O relator, ministro Villas Bôas Cueva, afirmou que, entre as garantias asseguradas, não há direito adquirido a modelo de plano de saúde ou de custeio. Empregadora e seguradora podem redesenhar o sistema e alterar valores para evitar o colapso do plano, contanto que não haja onerosidade excessiva ao consumidor ou discriminação contra o idoso.
No caso, um trabalhador aposentado entrou com ação contra a empresa seguradora com o objetivo de manter o plano de saúde coletivo empresarial nas mesmas condições de cobertura e com os valores da época que estava em vigor o contrato de trabalho. A seguradora contestou alegando que no momento do desligamento havia sido feito novo plano coletivo para todos os empregados e que não poderia prorrogar o contrato anterior.

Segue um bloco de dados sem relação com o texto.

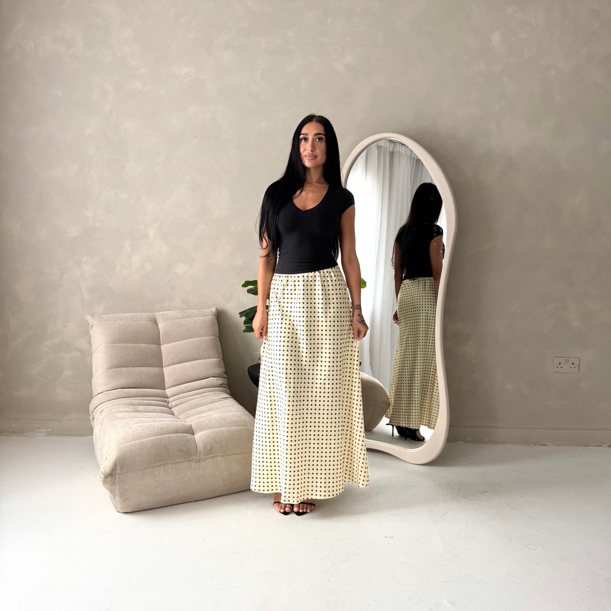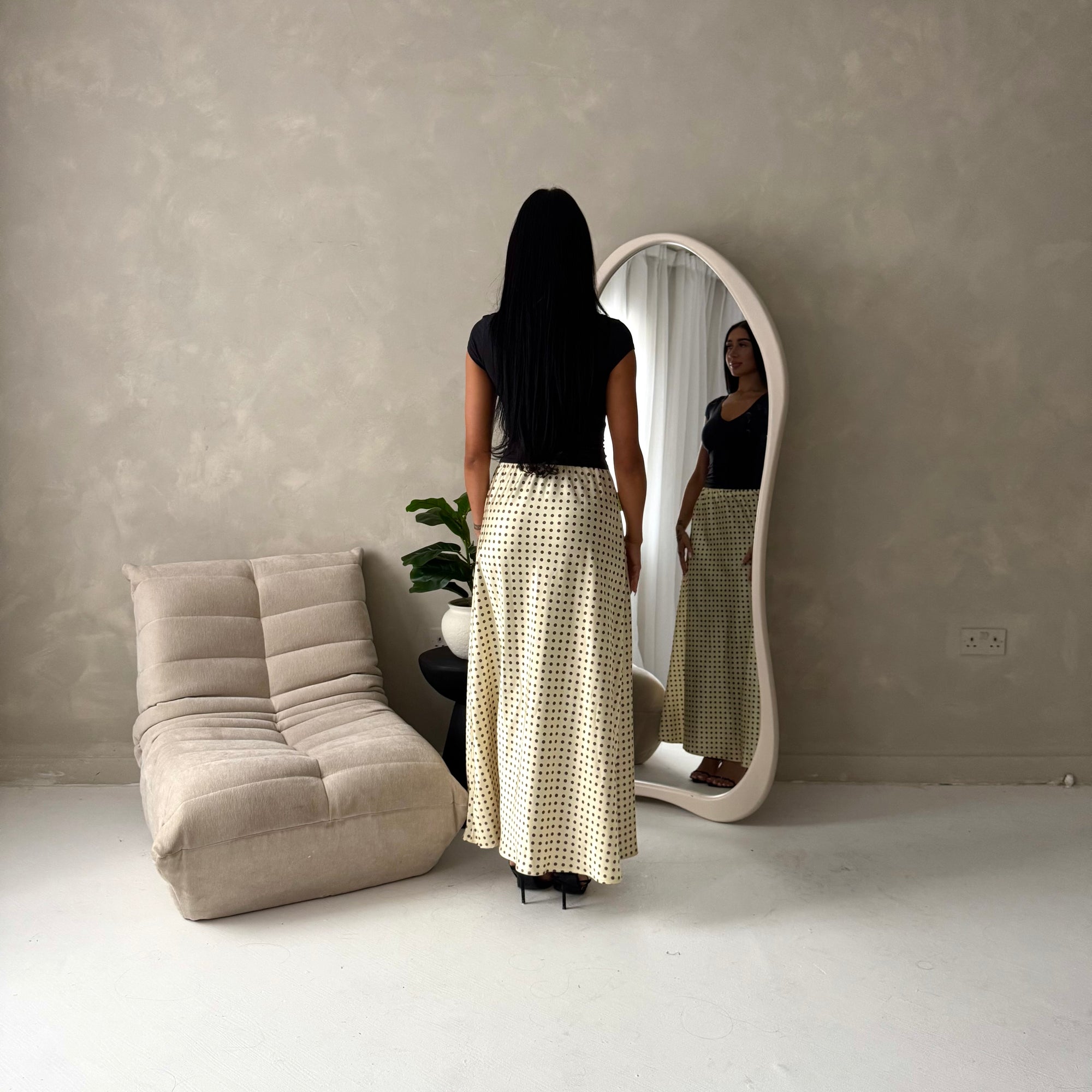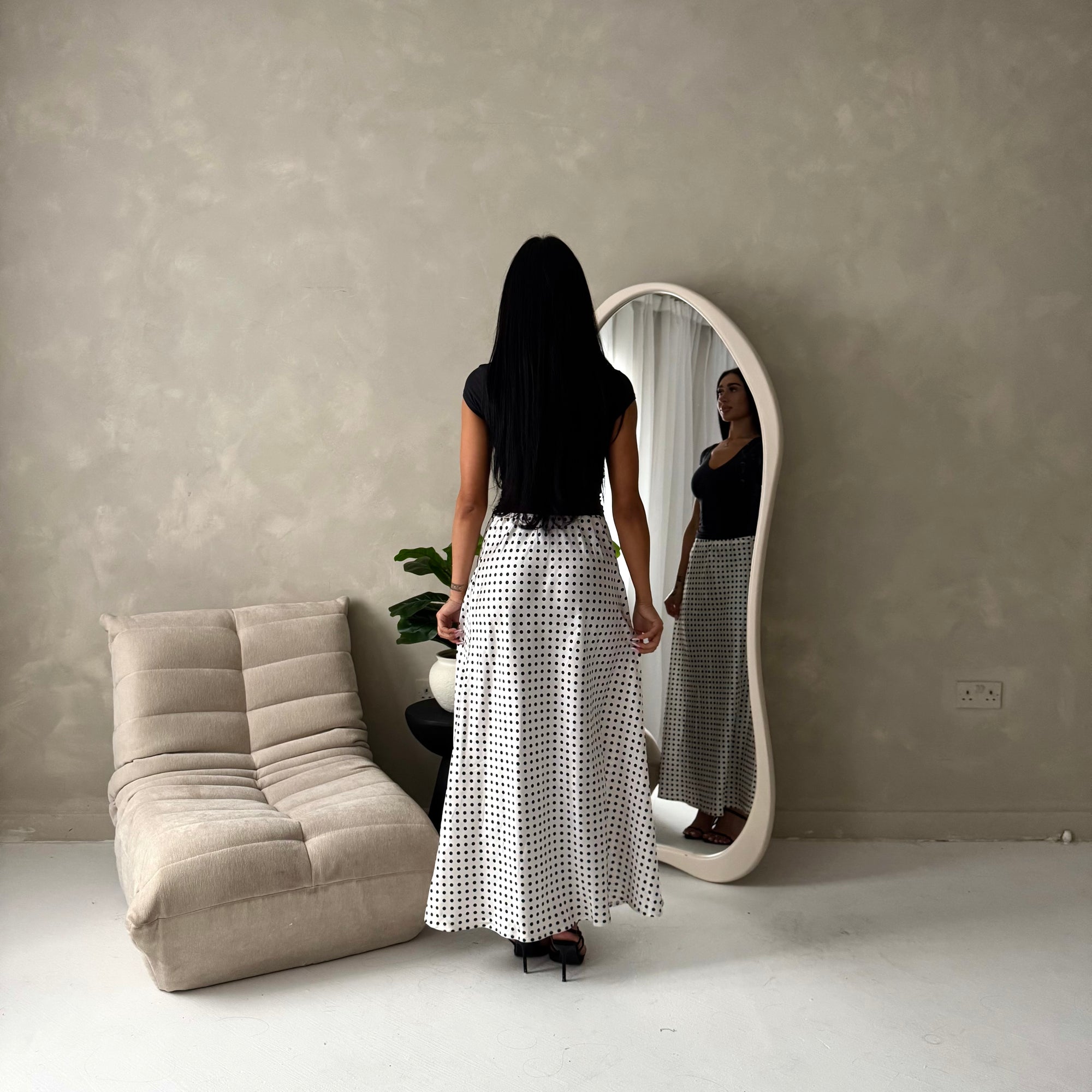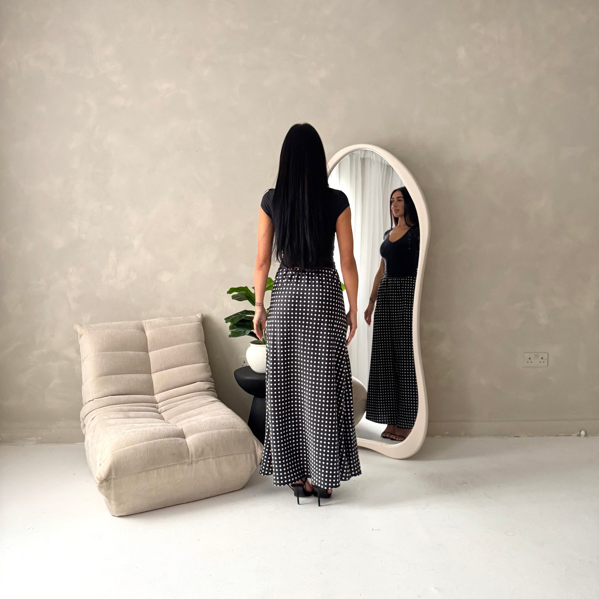 Irma Black Polka Dot Satin Skirt
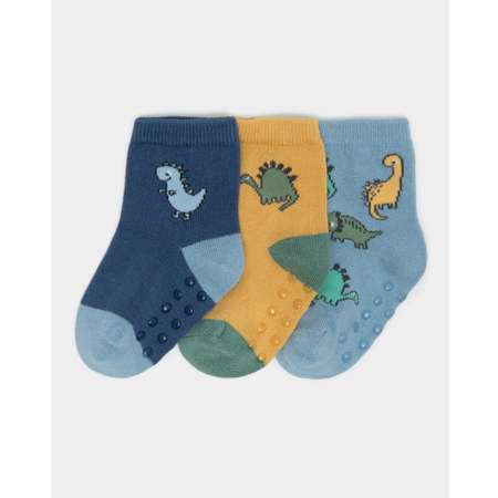 В комплекте Baby Gо три пары носков для мальчика, декорированные принтом с динозавриками.
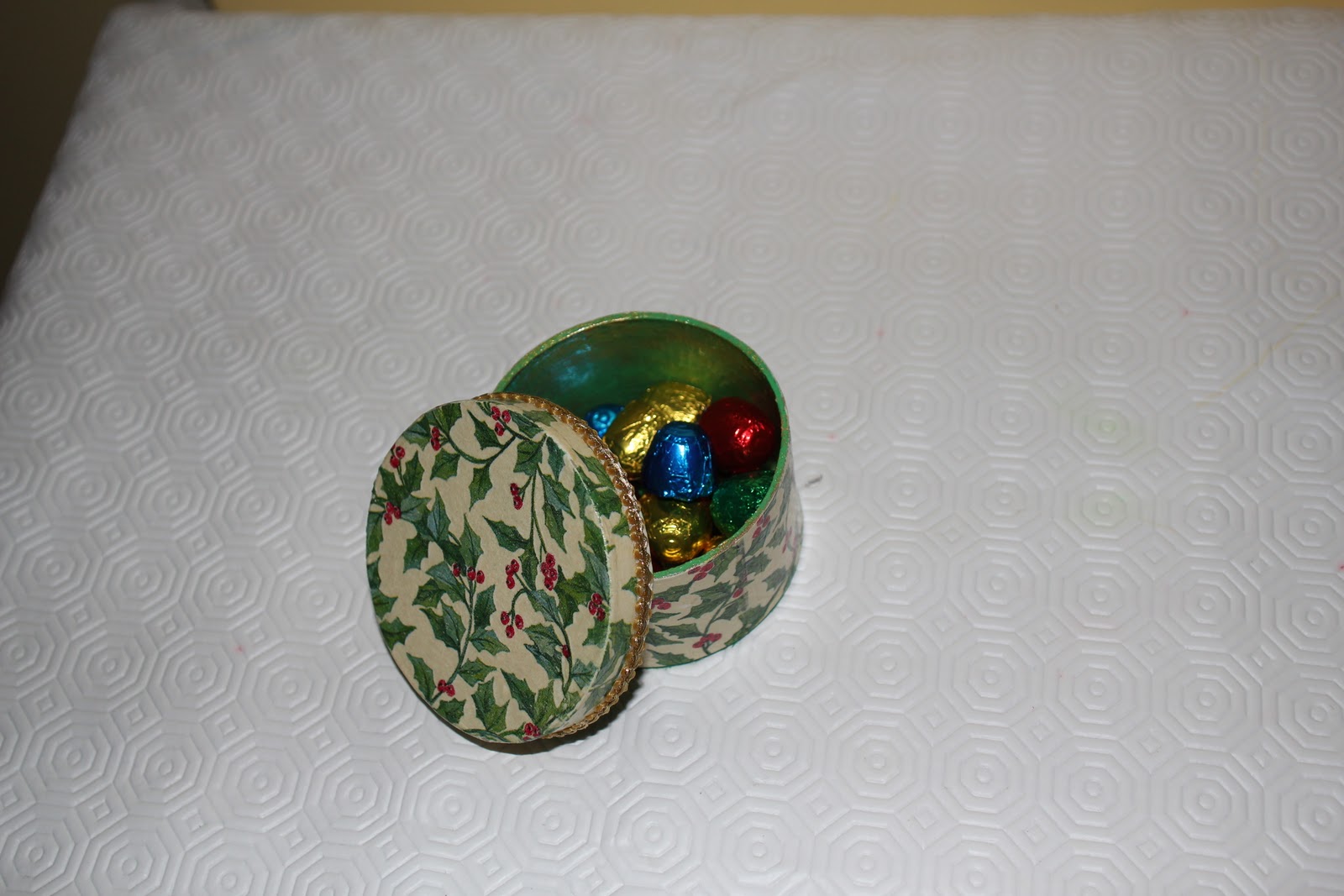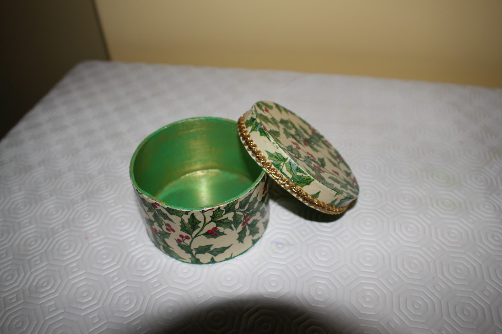 | Caixa de cartão, técnica do guardanapo , pintura e aplicação de fita dourada |
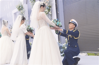 “老婆,我们来啦!”接亲团激动地喊道。经过“甬守初心”“心心相印”等游戏项目的重重考验,新郎们终于“抱得美人归”,接到了新娘。参加完庄严的升国旗仪式后,12对新人在队友团“向幸福出发”的欢呼声中,乘坐大巴车到达婚礼现场。
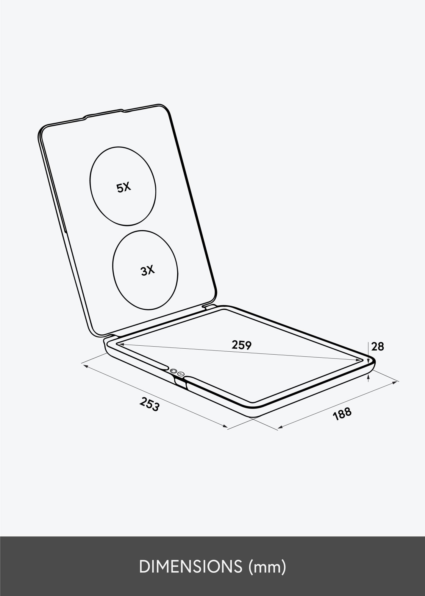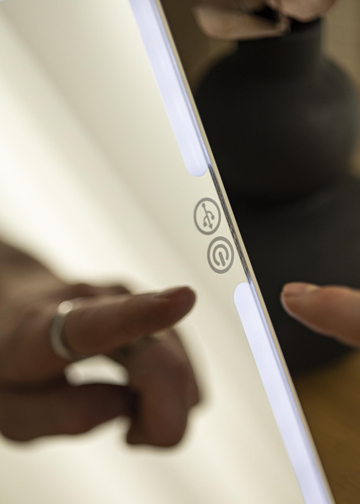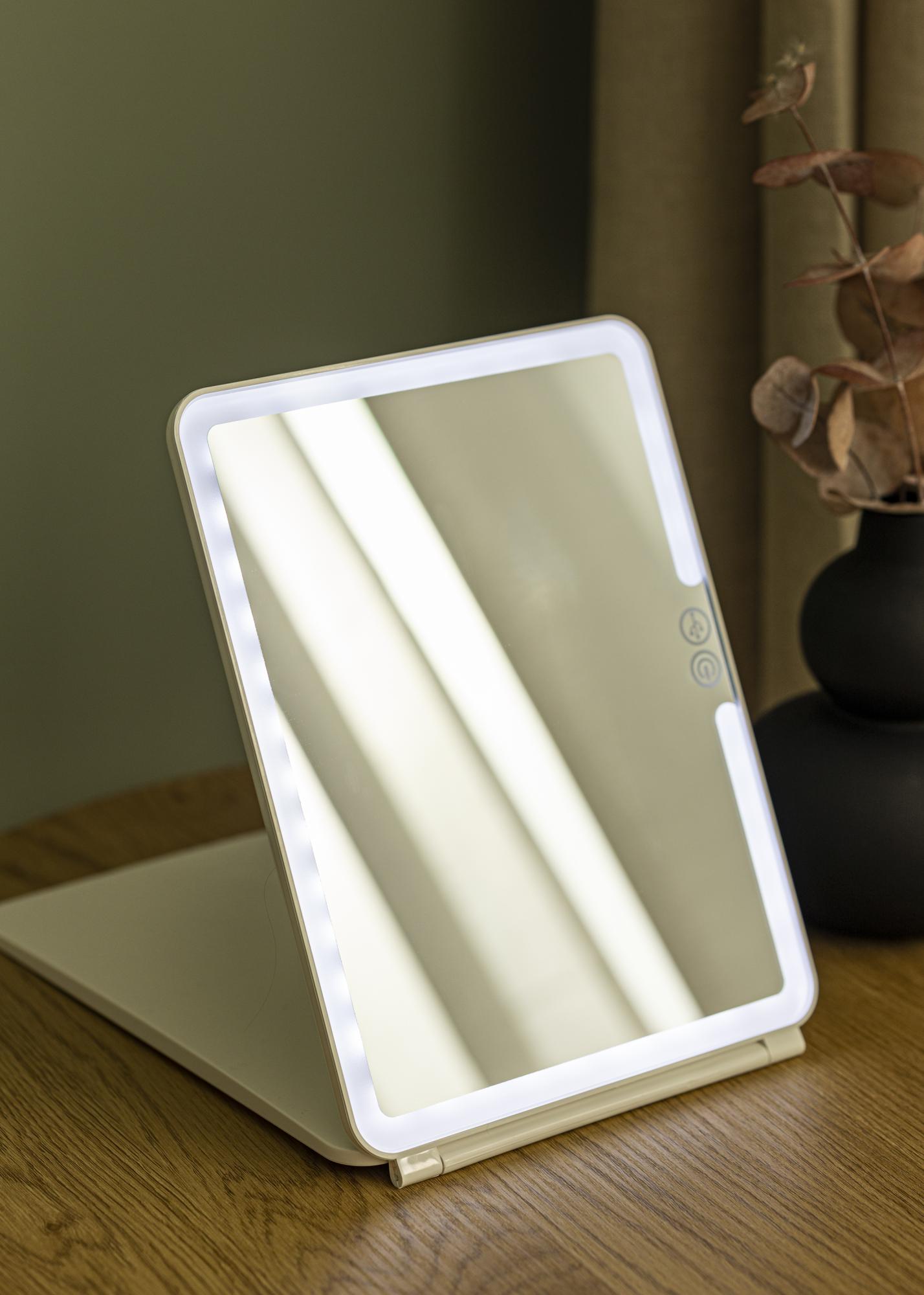 To je manjše kozmetično ogledalo s pametno zložljivo zasnovo, ki omogoča enostavno nagibanje ogledala med uporabo. Zložljiva zasnova prihrani tudi prostor in zaščiti površino ogledala, ko je ogledalo v torbici. To je odlično ogledalo, ki ga imate pri sebi, ko potujete, saj je tako kompaktno, lahko in ima vgrajeno osvetlitev, ki zagotavlja enakomerno svetlobo na vaš obraz, ko si ogledate. Osvetlitev se vklopi in izklopi s pomočjo tipke na dotik ob okvirju ogledala. Če nekaj sekund držite tipko, lahko zatemnite svetlobo in nastavite barvno temperaturo.
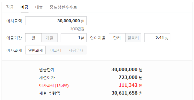 3천만원을 1년동안 예치하고 2.41%의 금리를 일반과세로 가입한다면 만기이자는 611,658원을 받을 수 있습니다.
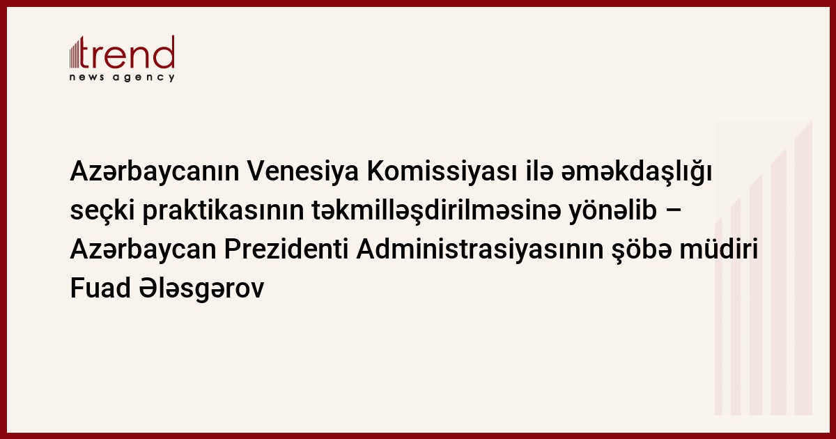 Azərbaycanın Venesiya Komissiyası ilə birgə həyata keçirdiyi bütün tədbirlər seçki praktikasının təkmilləşdirilməsinə, vətəndaşların hüquq və azadlıqlarının müdafiəsinə yönəlib. Bu barədə şənbə günü Azərbaycan Prezidenti Administrasiyasının hüquq-mühafizə orqanları ilə iş şöbəsinin müdiri Fuad Ələsgərov Ali Məhkəmədə Venesiya Komissiyasının nümayəndələri ilə birgə keçirilən Milli Məclisə seçkilərə həsr olunmuş beynəlxalq konfransda deyib.
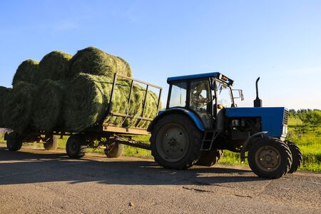 Tractor transports round bales and hay on hay trailer. Silage for farm animals. Hay as feed for beef and dairy cattle. Bale trailer with crop grass on country road. Round bales from field to storage.
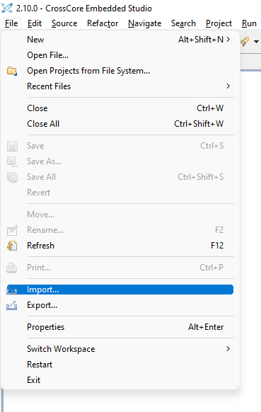 From the top CCES IDE menu bar, select ‘File > Import’:
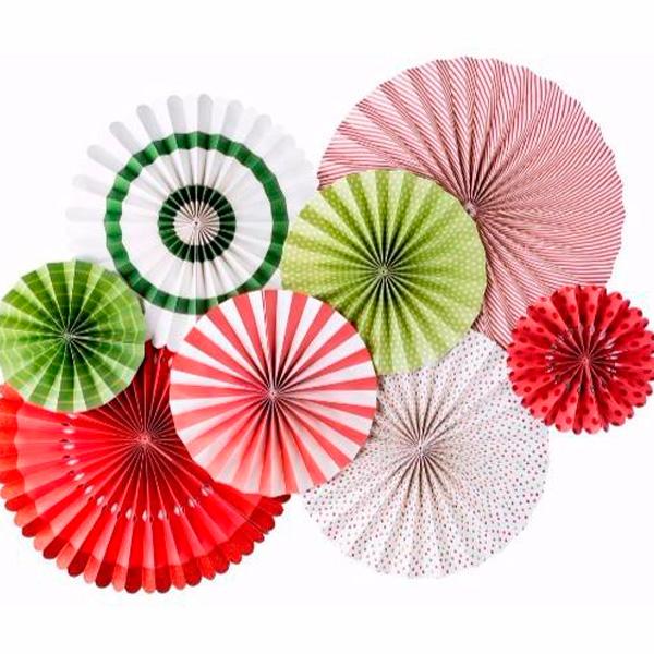 Con este Kit de abanicos de papel y cartón de colores rojo, verde y blanco. Tendrás la decoración de tu fiesta de Navidad o trasera de Candy Bar solucionada. La combinación de motivos, colores y calidades no puede ser más bonita.
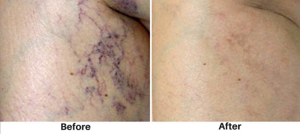 Injection of Sclerotherapy (spider veins) effectively treats spider veins. It's often considered the treatment of choice for small veins. Sclerotherapy involves injecting a solution directly into the vein. The sclerotherapy solution causes the vein to scar, forcing blood to reroute through healthier veins. The collapsed vein is reabsorbed into local tissue and eventually fades. After sclerotherapy, treated veins tend to fade within a few weeks, although occasionally it may take a month or more to see the full results. In some instances, several sclerotherapy treatments may be needed. Sclerotherapy is often done for cosmetic purposes - to improve the appearance of spider veins.
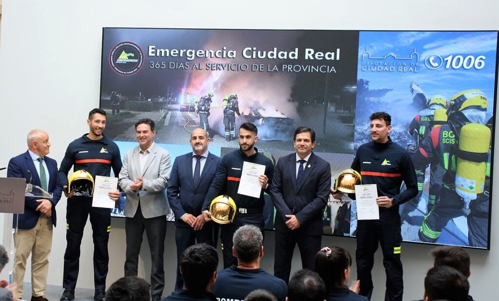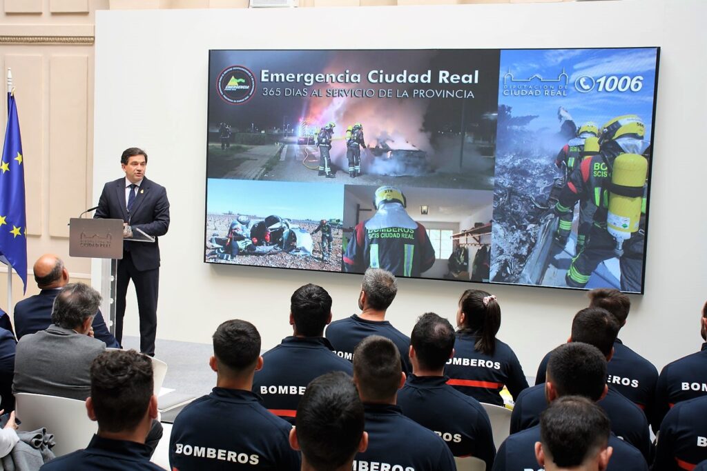 También recordó el tornado de Torre de Juan Abad, localidad a la que se trasladaron con celeridad para colaborar y favorecer la seguridad . “Nuestros bomberos están ahí cada día, con casi 18 actuaciones diarias, rescatando personas, aliviando sufrimiento, apagando incendios, y muchas veces arriesgando su propia seguridad y salud”, aseguró.
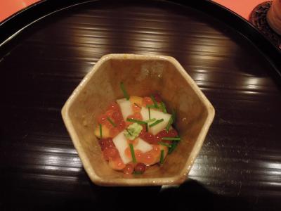 まず最初に出てきたのは、海老(一番下で見えません)と柿とラフランスといくらにネギとワサビを載せたもの。
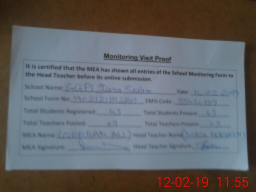 | Certified that this School was Inspected by the Undersigned MEA/DMO Today and the Information Stated Above is as Per Record. | |||||

O juízo de primeira instância determinou que, se o empregado quisesse manter o plano, deveria pagar mensalidade do novo contrato firmado entre a seguradora e a empresa. No julgamento da apelação, ele conseguiu a manutenção do plano nas mesmas condições do período em que mantinha vínculo empregatício, desde que assumisse o pagamento integral das prestações.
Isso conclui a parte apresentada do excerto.